« Nous sommes encore en quête de légitimité pour nos luttes »
, dit la chercheuse et militante Clara Baez. Mais dans les groupes de femmes, on fête après les
réunions. Nous avons beaucoup de joie de vivre.
Amorcé par l’État et l’Église dans les années 60, au sortir d’une dictature de trente ans, le mouvement féministe de la République dominicaine compte aujourd’hui plus de
mille groupes de femmes tant paysannes que citadines, tant professionnelles que domestiques ou ouvrières. Ce sont aussi des regroupements de mères, de voisines et d’artisanes
qui donnent au mouvement un dynamisme marqué par rapport à l’ensemble des sociétés d’Amérique latine.
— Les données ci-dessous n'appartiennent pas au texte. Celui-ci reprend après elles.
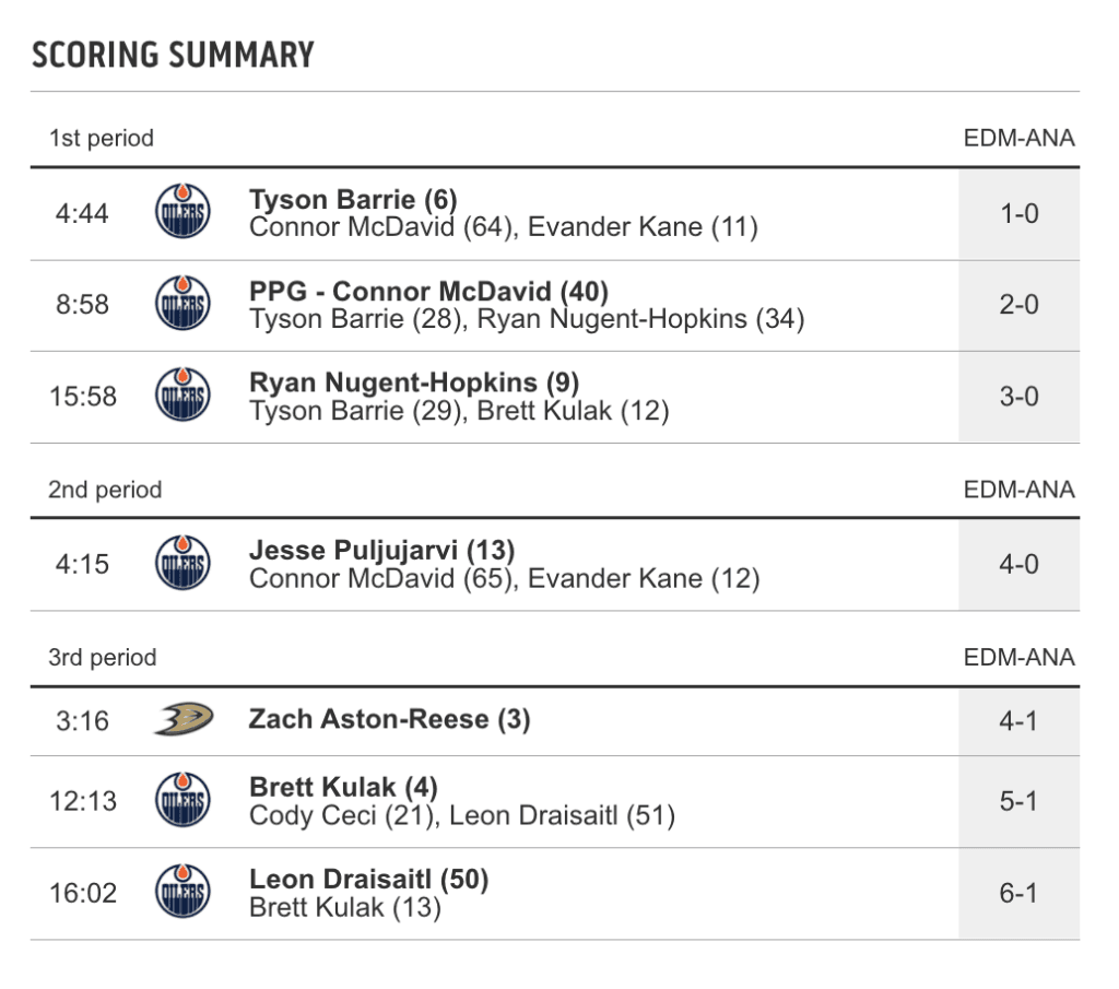 Tyson Barrie scored five minutes into the game to give the Oilers the early lead and they never looked back, as Connor McDavid and Ryan Nugent-Hopkins also scored in the first frame. Despite Edmonton’s history with Anaheim and 3-0 leads, the game went along smoothly after that. The Ducks got themselves on the board in the third period but Leon Draisaitl buried his 50th of the season to put the game to bed.

En 1988, un organisme national de coordination a été créé, la Coordinadora de organizaciones no gubernamentales del area de la mujer. Ses objectifs et son action
tendent à le définir comme un partenaire important dans la vie sociale, politique et économique de ce pays de 6 500 000 habitants. La Coordinadora est composée de 41
organismes de différents statuts tels des groupes de base, des collectifs de travail, des institutions à caractère éducatif ou de défense des droits juridiques. Pour beaucoup
de Dominicaines, le mouvement des femmes est un moyen de faire de la politique non institutionnelle. De plus en plus de groupes font pression sur l’État pour obtenir davantage
d’écoles, de services médicaux, une réduction du coût de la vie et l’abrogation de lois discriminatoires. Mais dans une société « machiste », l’évolution peut paraître lente,
comme le souligne Clara Baez chercheuse féministe et militante active au sein de la Coordinadora : « Nous sommes en quête de légitimité pour nos luttes ».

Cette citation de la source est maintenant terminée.